I stood up. I didn’t even know I was doing it. I was barely aware of my legs in motion, rising, pushing me away from the ground, away from him. I just needed to be upright, feet planted on something stable. “What happened? To the kid?”

“What do you think happened?” Riley said harshly. “Blood loss. Infection. Took a couple days, I think. But then he died. That’s what I hear.”

“You weren’t around anymore.”

He shook his head.

“Because you got shot.”

He nodded.

“For revenge.”

He nodded again, still on the ground. I felt like I was looking down at him from very far away. “It’s why Wynn was so angry.
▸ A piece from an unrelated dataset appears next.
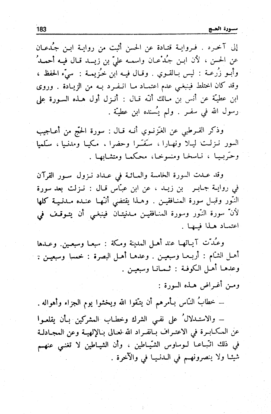 وَذَكَرَ الْقُرْطُبِيُّ عَنِ الْغَزْنَوِيِّ أَنَّهُ قَالَ: سُورَةُ الْحَجِّ مِنْ أَعَاجِيبِ السُّوَرِ نَزَلَتْ لَيْلًا

He thinks I won. That Jude and I get to live forever, and his kid brother’s dead.”

“He thinks that because it’s true,” I said flatly.

“Yeah. So that’s why he took you,” Riley said. “That’s my fault too. It all is.”
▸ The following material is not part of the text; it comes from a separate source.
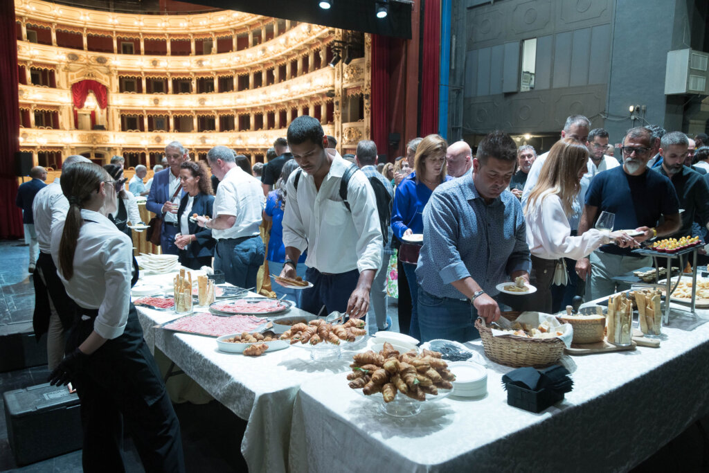 La platea, temporaneamente priva delle storiche sedute in fase di sostituzione, è stata trasformata in un inedito playground. Lì, al centro, si è tenuto l’Opening Party dedicato a partner, sponsor e amici della Vanoli. A fare gli onori di casa, la squadra al completo, lo staff tecnico e dirigenziale, con momenti di musica dal vivo, DJ set a cura di Radio Bruno Lombardia e una cena servita direttamente sul palcoscenico.

I shouldn’t judge him, I thought, staring down at this boy I’d thought I knew. I wasn’t there, I didn’t live like that. I don’t know what it took to survive .

But maybe it didn’t matter. Maybe death was death.

“I didn’t want you to know,” Riley said. “I wanted to start clean.”

Because we were different now.

People change, I thought. Auden had changed, more than I wanted to admit. Zo had changed, and changed again.

But then, they were people; we were mechs. Our brains were frozen, sliced, scanned, downloaded.

Maybe everything was frozen.

Stand up, I begged him silently. Convince me. Make me understand.

But he didn’t move. He was looking past me, maybe thinking about the kid. I wondered what he had looked like. What his name was. Whether he’d seen it coming.

How much it had hurt.

“It’s why I can’t let Jude do this,” he said.

I’d almost forgotten why we were here, why we’d started talking about this. The present had receded into the background, pale and colorless. While the past was bleeding red over the snow.

“I promised,” he said. “Never again.”

“Promised who?”

“Myself.” He whispered. “The kid.”

This is still Riley, I thought.

Jude was wrong: The past wasn’t irrelevant.

But it was past.

I let myself drop into the snow beside him.

“I told you I deserved it,” he said, rubbing his fingers against his arm, against the artificial skin. “And it’s still not enough.”

I couldn’t picture him holding a gun, lining up a target. Pulling a trigger. Any more than I could picture him watching his best friend get kicked and pummeled, Jude’s body broken, flopping helplessly on the ground, while Riley hid, safe and scared. I couldn’t picture him scared or vengeful or anything but what he’d been to me—solid, bold, kind. Riley.